Awake prone positioning of hypoxaemic patients with COVID-19: protocol for a randomised controlled open-label superiority meta-trial
Jie Li,
Yonatan Perez,
Jean-Pierre Frat,
Stephan Ehrmann,
Elsa Tavernier,
Bairbre McNicholas,
Ivan Pavlov,
Oriol Roca,
John Laffey,
Sara Mirza,
David Cosgrave,
David Vines
Affiliations
Jie Li
Department of Cardiopulmonary Sciences, Division of Respiratory Care, Rush University, Chicago, Illinois, USA
Yonatan Perez
Médecin Intensive Réanimation, CIC 1415, CRICS-TriggerSEP, Centre d`étude des pathologies respiratoires, INSERM U1100, Université de Tours, CHU Tours, Tours, Centre, France
Jean-Pierre Frat
Médecine Intensive Réanimation, Centre Hospitalier Universitaire de Poitiers, Poitiers, France
Stephan Ehrmann
Médecin Intensive Réanimation, CIC 1415, CRICS-TriggerSEP, Centre d`étude des pathologies respiratoires, INSERM U1100, Université de Tours, Centre Hospitalier Régional Universitaire de Tours, Tours, Centre, France
Elsa Tavernier
Biostatistics Department, Clinical Investigation Center-1415 INSERM, CHU Tours, Tours, France
Bairbre McNicholas
Department of Anaesthesia and Intensive Care Medicine, School of Medicine, National University of Ireland Galway, Galway, Ireland
Ivan Pavlov
Department of Emergency Medicine, Hopital de Verdun, Montreal, Quebec, Canada
Oriol Roca
Critical Care Department, Vall d`Hebron University Hospital, Vall d`Hebron Research Institute, Barcelona, Catalunya, Spain
John Laffey
Department of Anaesthesia and Intensive Care Medicine, School of Medicine, National University of Ireland Galway, Galway, Ireland
Sara Mirza
Department of Cardiopulmonary Sciences, Division of Respiratory Care, Rush University, Chicago, Illinois, USA
David Cosgrave
Department of Anaesthesia and Intensive Care Medicine, School of Medicine, National University of Ireland Galway, Galway, Ireland
David Vines
Department of Cardiopulmonary Sciences, Division of Respiratory Care, Rush University, Chicago, Illinois, USA
Introduction Prone positioning (PP) is an effective first-line intervention to treat patients with moderate to severe acute respiratory distress syndrome (ARDS) receiving invasive mechanical ventilation, as it improves gas exchanges and reduces mortality.
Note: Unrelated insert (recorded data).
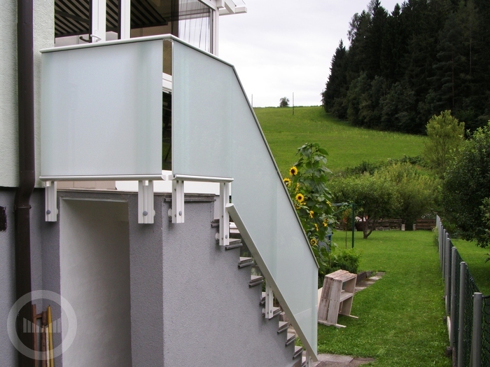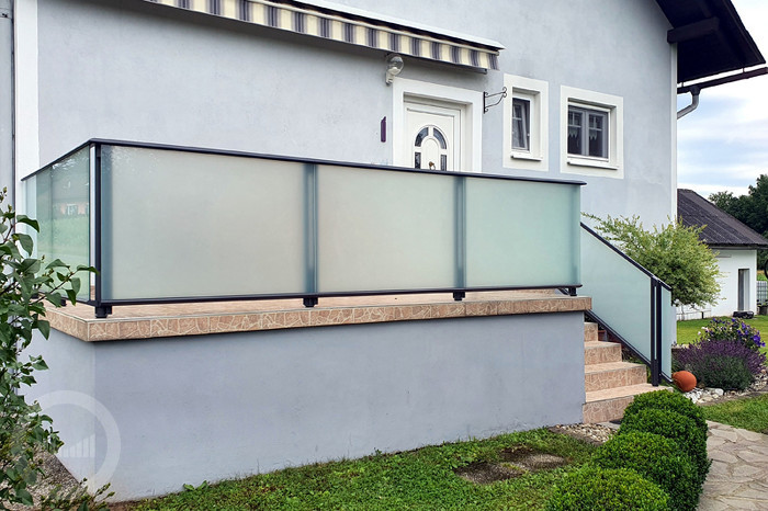 Ograda se sastoji od elemenata od VSG satinato-stakla debljine 4 mm + 4 mm; između je nalijepljena sigurnosna folija.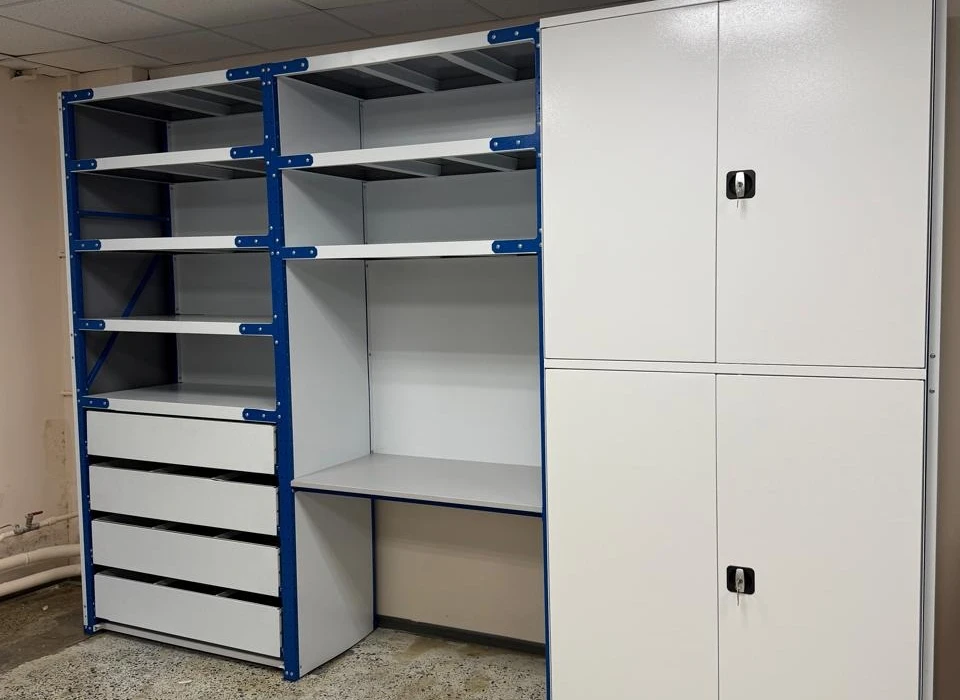 Стеллажный комплекс для склада с рабочим местом для инструментов или деталей, стеллажи дополнены верстаками, столами и дополнительными стойками и шкафами с дверями.
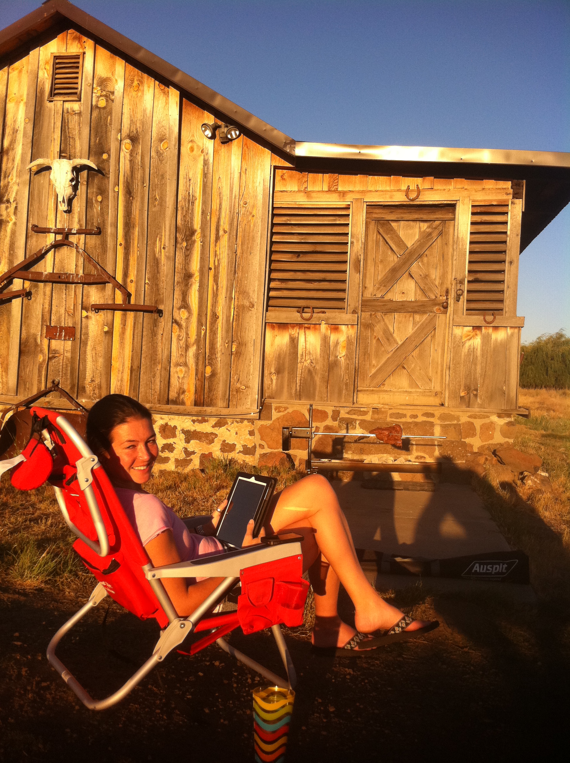 That night I cooked a chicken, took a little longer so Steph and Mady went to the trailer to lay down and Steph never made it back to dinner that night. This could be the all time best picture ever taken coming up folks. I am going to give a thumbs up to the Auspit BBQ and shout out to invest in one of these BBQ. They are fun and make you drink a lot more beer watching your meat go around in circles. I leave you with this photo.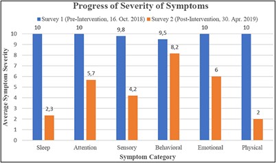 A five-year-old boy with ASD underwent 26 training sessions at a single placement over the course of six months. Strong improvements were documented in comprehensive symptom tracking, with the notable exception of behavioral symptoms, where improvement was a mere 15%. Overall improvement was 50% with respect to pre-training values. Pre-post results in terms of symptom severity are shown in the Figure.

The use of PP in awake spontaneous breathing patients with ARDS secondary to COVID-19 was reported to improve oxygenation in few retrospective trials with small sample size. High-level evidence of awake PP for hypoxaemic patients with COVID-19 patients is still lacking.Methods and analysis The protocol of this meta-trial is a prospective collaborative individual participant data meta-analysis of randomised controlled open label superiority trials. This design is particularly adapted to a rapid scientific response in the pandemic setting. It will take place in multiple sites, among others in USA, Canada, Ireland, France and Spain. Patients will be followed up for 28 days. Patients will be randomised to receive whether awake PP and nasal high flow therapy or standard medical treatment and nasal high flow therapy. Primary outcome is defined as the occurrence rate of tracheal intubation or death up to day 28. An interim analysis plan has been set up on aggregated data from the participating research groups.Ethics and dissemination Ethics approvals were obtained in all participating countries. Results of the meta-trial will be submitted for publication in a peer-reviewed journal. Each randomised controlled trial was registered individually, as follows: NCT04325906, NCT04347941, NCT04358939, NCT04395144 and NCT04391140.